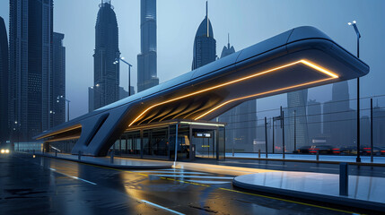 Sleek, illuminated bus station in a futuristic cityscape at night, with tall skyscrapers and a wet street reflecting lights
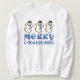 Christmas sweatshirt features a row of snowman-shaped sugar cookies. MERRY CHRISTMAS is printed in a fun blue font. Perfect for holiday celebrations or for an ugly Christmas sweater party!
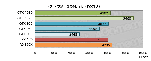NVIDIAの言い分どおり,GTX 980と同等のスコアを示すGTX 1060。GTX 1070とは大差が付く
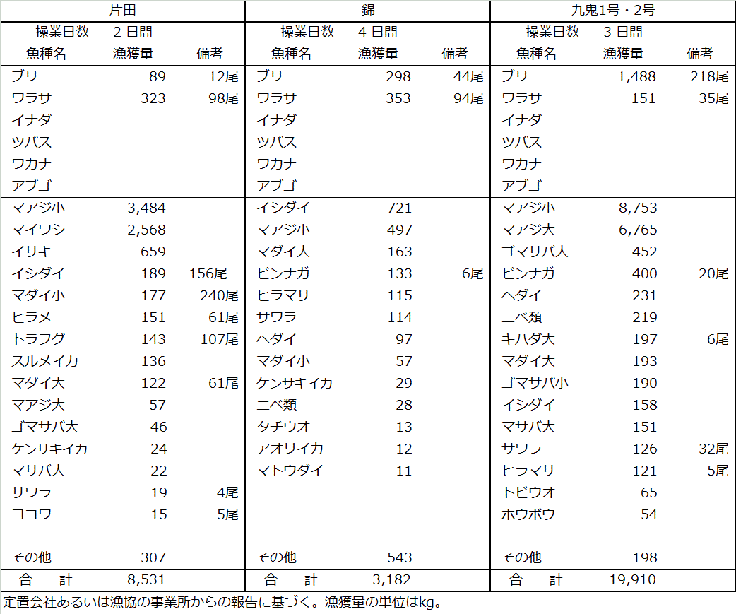 | 大型定置網 | マアジ20t、イワシ類2.6t、ブリ1.9t、イシダイ1.1t、サバ類0.9t |
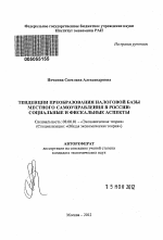 Тенденции преобразования налоговой базы местного самоуправления в России: социальные и фискальные аспекты тема диссертации по экономике, полный текст автореферата
....
**PROBLEM DETAILS**: Could you reproduce exactly the lines from the one containing "大型定置網 | マアジ20t、イワシ類2.6t、ブリ1.9t、イシダイ1.1t、サバ類0.9t |" through the last line of the records, both included, leaving out the pictures?

**WRITTEN SOLUTION**:
 | 大型定置網 | マアジ20t、イワシ類2.6t、ブリ1.9t、イシダイ1.1t、サバ類0.9t |
 Тенденции преобразования налоговой базы местного самоуправления в России: социальные и фискальные аспекты тема диссертации по экономике, полный текст автореферата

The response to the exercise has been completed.